There has been much talk recently within the media and industry of the impact on data protection rules since the announcement of the Schrems II judgment, but what is this case and how might it affect us?
The position to date
Data transfers to countries outside of the EU and EEA that are not accepted as being adequate in terms of data protection are only lawful if additional means of protection are applied to such transfers. For data transfers into the US, the EU-US privacy shield has been important to enable thousands of companies to freely transfer data between the EU and the US as part of their business operations. Essentially the privacy shield is a commitment by US data importers to comply with certain EU data protection rules, with compliance supervised by the US Federal Trade Commission.
In a recent case known as Schrems II (Data Protection Commissioner v Facebook Ireland and Maximillian Schrems), the European Court of Justice (ECJ) has held that the EU-US privacy shield does not provide sufficient protection and is invalid with immediate effect. As one can imagine, this has caused significant concern amongst data protection authorities and companies alike as to how international data transfer can be effected lawfully in the future.
Schrems II concerns transfers of personal data of an Austrian individual, Mr Maximillian Schrems, by Facebook Ireland to Facebook US. In a previous case known as Schrems I, the ECJ invalidated the previous EU-US safe harbor rules stating that there is no proper balancing between national security and privacy interests in the US and that there are no sufficient legal remedies available to EU citizens if safe harbor rules are breached. After the invalidation of the safe harbor rules, the EU and the US entered into a new deal - hence the EU-US privacy shield.
Mr Schrems has now claimed that Facebook Ireland is still not entitled to transfer his data to Facebook US, arguing that the privacy shield is an insufficient means to ensure that his personal data is properly protected in the US, bearing in mind the practices of the US intelligence services.

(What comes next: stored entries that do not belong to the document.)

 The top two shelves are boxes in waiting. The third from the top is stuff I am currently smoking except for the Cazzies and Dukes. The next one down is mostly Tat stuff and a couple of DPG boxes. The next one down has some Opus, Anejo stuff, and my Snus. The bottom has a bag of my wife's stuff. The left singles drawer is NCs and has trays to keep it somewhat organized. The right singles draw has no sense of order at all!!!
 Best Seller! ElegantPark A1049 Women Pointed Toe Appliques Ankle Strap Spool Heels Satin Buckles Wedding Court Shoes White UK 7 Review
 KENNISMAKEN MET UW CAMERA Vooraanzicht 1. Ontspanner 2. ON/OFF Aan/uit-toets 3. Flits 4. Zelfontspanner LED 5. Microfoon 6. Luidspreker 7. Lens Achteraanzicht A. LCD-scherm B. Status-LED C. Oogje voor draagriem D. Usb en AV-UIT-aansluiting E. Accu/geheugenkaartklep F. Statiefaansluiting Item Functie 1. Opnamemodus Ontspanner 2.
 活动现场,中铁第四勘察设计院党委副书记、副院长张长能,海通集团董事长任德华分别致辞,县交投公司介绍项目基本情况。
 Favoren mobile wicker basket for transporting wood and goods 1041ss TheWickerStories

The ECJ has concluded that US law does not set out limitations on the powers of the intelligence services and does not give data subjects actionable rights before US courts or ombudsperson, and so cannot ensure a level of protection essentially equivalent to that guaranteed by the EU Charter.

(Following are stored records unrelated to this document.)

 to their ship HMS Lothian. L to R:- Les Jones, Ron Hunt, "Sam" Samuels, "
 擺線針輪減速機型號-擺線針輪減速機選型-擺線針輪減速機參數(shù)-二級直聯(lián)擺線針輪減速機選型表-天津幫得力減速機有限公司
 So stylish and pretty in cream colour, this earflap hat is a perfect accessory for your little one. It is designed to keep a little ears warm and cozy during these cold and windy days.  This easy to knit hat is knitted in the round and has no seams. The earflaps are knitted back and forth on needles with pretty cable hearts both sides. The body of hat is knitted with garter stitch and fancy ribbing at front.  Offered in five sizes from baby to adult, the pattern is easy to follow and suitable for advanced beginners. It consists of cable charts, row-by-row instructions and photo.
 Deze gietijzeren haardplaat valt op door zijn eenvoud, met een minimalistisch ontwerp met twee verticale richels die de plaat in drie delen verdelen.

On 24 July 2020, the European Data Protection Board (EDPB) published its initial interpretation of Schrems II, which deals with some important questions but fails to address the consequences of the ECJ’s judgment.
The EDPB confirms that privacy shield-based transfers need to be immediately based on other means without a grace period and that the alternative method of compliance (ie by way of Standard Contractual Clauses or SCCs) can continue to be used. However, data exporters need to evaluate each individual transfer based on SCCs in light of Schrems II. A transfer must be stopped or notified to the competent authority if a data exporter comes to the conclusion that the transferred data will not be adequately protected by the data importer.
This means that if you are currently transferring data out of the EU, you should:
- Identify any elements of the personal data that you control or process, that are subject to transfers into countries without adequate protection.
- Use alternative means to cover transfers based on the privacy shield; in case of doubt, this will be SCCs.
- Evaluate whether additional means of protection can be applied to transfers - such as technical means (ie. encryption, anonymisation or pseudonymisation) or legal means (such as the use of consent).
- If additional means can be undertaken with reasonable efforts, carry this out immediately.
- Ask any suppliers to which you are transferring data for assistance in considering these issues.
- Communicate with interested customers the steps being undertaken in light of Schrems II.
In today’s global markets, companies will not stop doing data-based business or limit it to only arrangements where additional technical or legal means have been applied. Therefore, it is likely to be the data protection authorities and national courts which will have the responsibility for interpreting Schrems II in a balanced and constructive way for all stakeholders involved, from the large multinational company to each individual. Whilst there is no doubt that international data transfers must and will continue, the conditions have become extremely uncertain.